Angel costumes we have heard on high

My sister-in-law called me a week or so ago, wanting advice. “You’re so crafty,” she said, “and you have such great ideas, I wonder if you can come over and help me with ideas for these angel costumes for the kids’ Christmas play. It’s just that none of them match, and they’re too long…you’re just so creative…” I agreed to come over, and thought of what I’d say, things like, you know, “gold belts would look great… or why not try halos? or how about cutting holes in white sheets?”

It turned out that when I got there, she had about a dozen non-matching costumes for kindergarteners, all of them long enough for the kids to trip on as they walked up to the stage. We looked at what she had, and I said, “In a perfect world, what would you want?”

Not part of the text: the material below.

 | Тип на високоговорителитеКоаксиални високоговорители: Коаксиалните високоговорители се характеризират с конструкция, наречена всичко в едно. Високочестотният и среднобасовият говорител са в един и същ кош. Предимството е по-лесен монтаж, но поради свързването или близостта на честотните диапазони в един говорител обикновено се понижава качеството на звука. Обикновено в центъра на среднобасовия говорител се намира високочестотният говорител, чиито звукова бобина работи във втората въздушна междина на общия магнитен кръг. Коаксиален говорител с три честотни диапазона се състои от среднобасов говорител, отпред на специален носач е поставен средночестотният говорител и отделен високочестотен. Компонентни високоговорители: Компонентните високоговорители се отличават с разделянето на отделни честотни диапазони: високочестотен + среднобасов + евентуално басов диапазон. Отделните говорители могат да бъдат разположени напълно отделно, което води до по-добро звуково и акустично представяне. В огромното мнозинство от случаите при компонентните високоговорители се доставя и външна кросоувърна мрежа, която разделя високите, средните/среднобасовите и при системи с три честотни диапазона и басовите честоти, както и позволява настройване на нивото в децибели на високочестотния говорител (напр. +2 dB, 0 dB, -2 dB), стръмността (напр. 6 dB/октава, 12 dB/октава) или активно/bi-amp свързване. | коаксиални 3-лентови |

I traced this template from the best existing costume, then laid it out on rectangles folded in quarters. Zip zap with the rotary cutter...

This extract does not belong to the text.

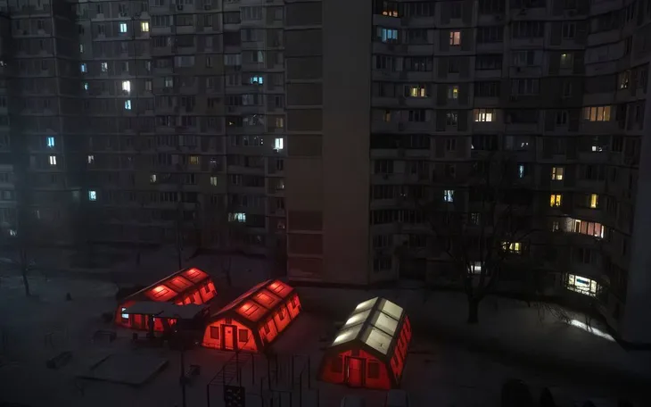 Các lều cứu trợ khẩn cấp được dựng lên trong một khu dân cư ở Kiev, để người dân có thể sưởi ấm sau các cuộc không kích thường xuyên của Nga, ngày 15/1/2026 (Ảnh: AP)

All of the costumes looked like they had been put together at different times, by different people. Some with genuine sewing skills, and one of them was, no kidding, a sheet with holes cut in it. My SIL said that in a perfect world she would want the costumes all to match, and not be as long, and this one (she pointed to one of the several lying on the floor) had nice wingy sleeves. By the way, she also had a bolt of white muslin. Well.

We figured out that we could trace a pattern with the one with the sleeves she liked, and had enough muslin to cut out 8 at 18 inches long, which was just right on my nephew, who is one of the Angels in question. I took the bolt home, washed the fabric and ironed it, which is always the worst part. In fact, since my SIL agreed to iron all the bits and pieces as they came off the sewing machine, sewing them wasn’t so bad. I checked the internet to see if anyone in the blogosphere had any tips about angel costumes, but seriously, they were along the lines of: gold belts, halos, cut holes in sheets…

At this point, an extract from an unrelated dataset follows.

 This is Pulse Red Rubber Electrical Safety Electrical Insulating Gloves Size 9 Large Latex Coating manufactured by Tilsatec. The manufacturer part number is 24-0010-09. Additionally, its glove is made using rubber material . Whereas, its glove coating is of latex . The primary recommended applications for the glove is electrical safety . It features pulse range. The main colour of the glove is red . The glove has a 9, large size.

SIL brought the kids over to my house the next day and we set up an assembly line, cutting out the necks and sleeves from a symmetrical pattern, like a valentine heart. (The kids weren’t in the assembly line, by the way, they pretty much ran around, swordfighting with sticks, and breaking up the ice in the goldfish pond with a shovel.)  Then I stitched the sleeves and armpits, then the necks. We were going to try to get away without doing the necks, but then one angel ripped it when trying it on, so I zigzagged around each neck hole.

Artsy? or just underexposed? you decide...

All the angels were adorable at the Christmas play, although I didn’t get any pictures- we were late, as usual, to the performance, and they took off the costumes pretty quickly after the show was over.  It took an afternoon of work, but we’ll see the costumes for years as my nephews and nieces work their ways up from angels to census takers to shepherds year by year.

Sigh, in a perfect world, I would have had more time, to hand-bind the necks with silver ribbon, a simple detail that would be invisible from the audience, but I would know…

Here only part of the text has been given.